Low when low body fat High when high body fat
•Central or peripheral administration decreases food intake and increases thermogenesis.
•Activates POMC and inhibits NPY/AgRP neurons.

Question 8

why is leptin ineffective as a weight control drug?

Answer 8

Leptin circulates in plasma in concentrations proportional to fat mass.
• Most fat humans have high leptin.
• Obesity due to leptin resistance hormone is present but doesn’t signal effectively.

Question 9

what other effects can leptin lead to?

Answer 9

Absence of leptin has profound effects, including hyperphagia, lowered energy expenditure, sterility.

However, leptin is an anti-starvation hormone rather than anti-obesity hormone.

Presence of leptin tells the brain that one has sufficient fat reserves for normal functioningbut high leptin has little effect

Question 10

where are the leptin receptors?

Answer 10

hypothalamus

Question 11

how many different hormones does the gut release?

Answer 11

The gastrointestinal tract is the body’s largest endocrine organ. • Releases more than 20 different regulatory peptide hormones. • Influence processes including gut motility, secretion of other hormones, appetite. • Release regulated by gut nutrient content.

Question 12

what is ghrelin?

what does it modulate?

Answer 12

28aa gastric hormone
activated by Ghrelin O-acyltransferase ‘GOAT’, adding a fatty acid chain to its third aa

• Stimulates NPY/Agrp neurons.
• Inhibits POMC neurons.
• Increases appetite

Question 13

what cells secrete PYY and GLP-1

Answer 13

L-cells

Question 14

what does PYY do?

Answer 14

Inhibits NPY release.
• Stimulates POMC neurons.
• Decreases appetite.

Question 15

what is GLP-1?

Answer 15

Glucagon-like peptide-1
Gut hormone coded for by the preproglucagon gene and released post-prandially.

Well characterised incretin role in stimulating glucose-stimulated insulin release and also reduces food intake

Question 16

What is saxenda?

Answer 16

Long-acting glucagon-like peptide-1 receptor agonist (liraglutide) from Novo Nordisk.

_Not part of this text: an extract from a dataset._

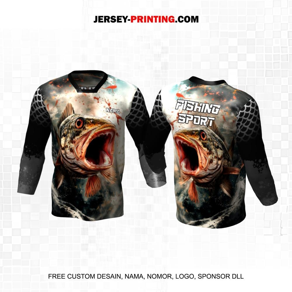 Jersey Mancing Fishing Angler Hitam Abu Motif Abstrak 15

Double the dose used for T2DM. Approved by FDA in 2014 and EMEA in 2015

Question 17

gut hormones: what are the three types of satiety action?

Answer 17

Post-prandial Reduces food intake following a meal

Chronic Gut disease – chronic elevation suppresses appetite

Acute nausea Toxin ingestion – acutely very high levels

Question 18

what comorbidities are associated with obesity?

Answer 18

depression
sleep apnoea
bowel cancer
peripheral vascular disease
gout
MI
stroke 
hypertension 
diabetes

Question 19

what is the thrifty gene hypothesis?

Answer 19

• Specific genes selected for to increase metabolic efficiency and fat storage. In the context of plentiful food and little exercise these genes predispose their carriers to obesity and diabetes
• Evolutionarily sensible to put on weight.
• Thin humans didn’t survive famines, so didn’t pass their genes on to modern humans

Question 20

what is the adaptive drift hypothesis?

Answer 20

Normal distribution of body weight: the fat are eaten, the thin starve.
• 10-20K yrs ago, humans learned to defend against predators.
• Thus obesity not selected against.
• Putting on body fat then a neutral change (genetic drift). (though unlikely to put on much weight).
• In current context, the inheritors of these genes become obese.